In the context of cosmology, space is commonly described as potentially having a global curvature that can be positive, zero, or negative. A common way that textbooks describe positive curvature is by saying that one example of a 3D space with positive curvature would be the 'surface' of a 3-sphere. In the process of trying to understand this in more detail, I ran into the common question of whether a universe with global positive curvature, if we assumed the curvature was homogeneous on large scales, would need to imply the existence of a fourth spatial dimension for the universe to curve 'into' and from all the answers I have seen, it seems the answer is 'no' - that what we are measuring is the *intrinsic* curvature of space and that it does not imply that there would **have** to be *extrinsic* curvature into an additional dimension (but please correct me if I am wrong!).

What I don't quite understand is the following: if we consider a 2D universe in which inhabitants measured positive curvature that was consistent with what would be measured if their 2D universe lived on top of a 2-sphere, and also noticed that their universe was finite and had no boundaries (such that they could travel around their universe in a 'straight line' and come back to the starting point), could they not prove that there *had* to be a third dimension? In other words, are there 2D manifolds that would have these properties that do not require a third dimension and do not have *extrinsic* curvature? (all the examples of closed 2D manifolds I have found are defined on a 3D surface - sphere, torus, Klein bottle)

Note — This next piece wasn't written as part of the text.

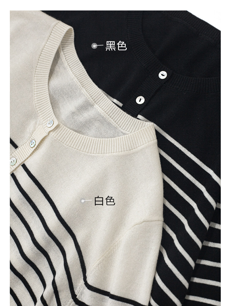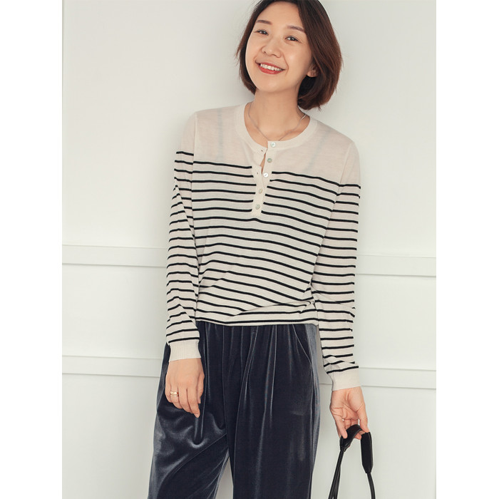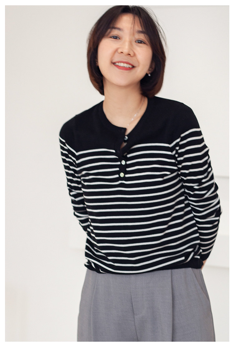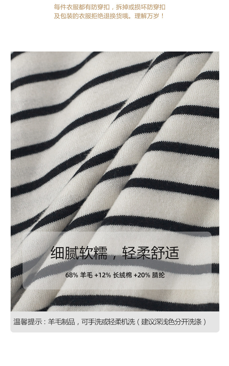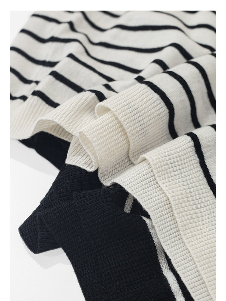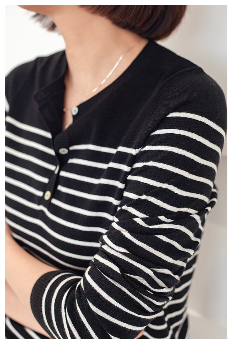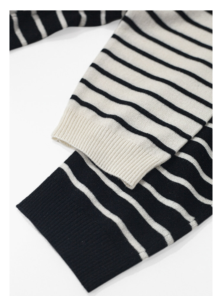 三吋時光3507經典條紋針織衫 黑白套頭圓領羊毛打底衫女春秋長袖
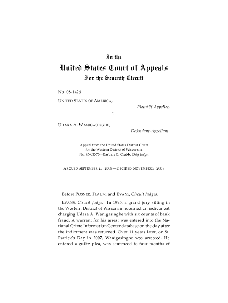 In reunited States Court of Appeals For the Seventh Circuit No. 081426 U NOTED STATES OF A AMERICA, PlaintiffAppellee, v. U DATA A. W ANIGASINGHE, DefendantAppellant. Appeal from the United States

If the inhabitants of this 2D universe determined that there had to be a third dimension to make sense of the observed intrinsic curvature and boundary properties of their universe, why would it not also be the case that a 3D finite/closed universe with positive curvature require a fourth dimension? Could one explain a finite 3D universe with positive intrinsic curvature where you can travel in one direction and travel along a 'straight line' and come back to your starting point without a fourth dimension?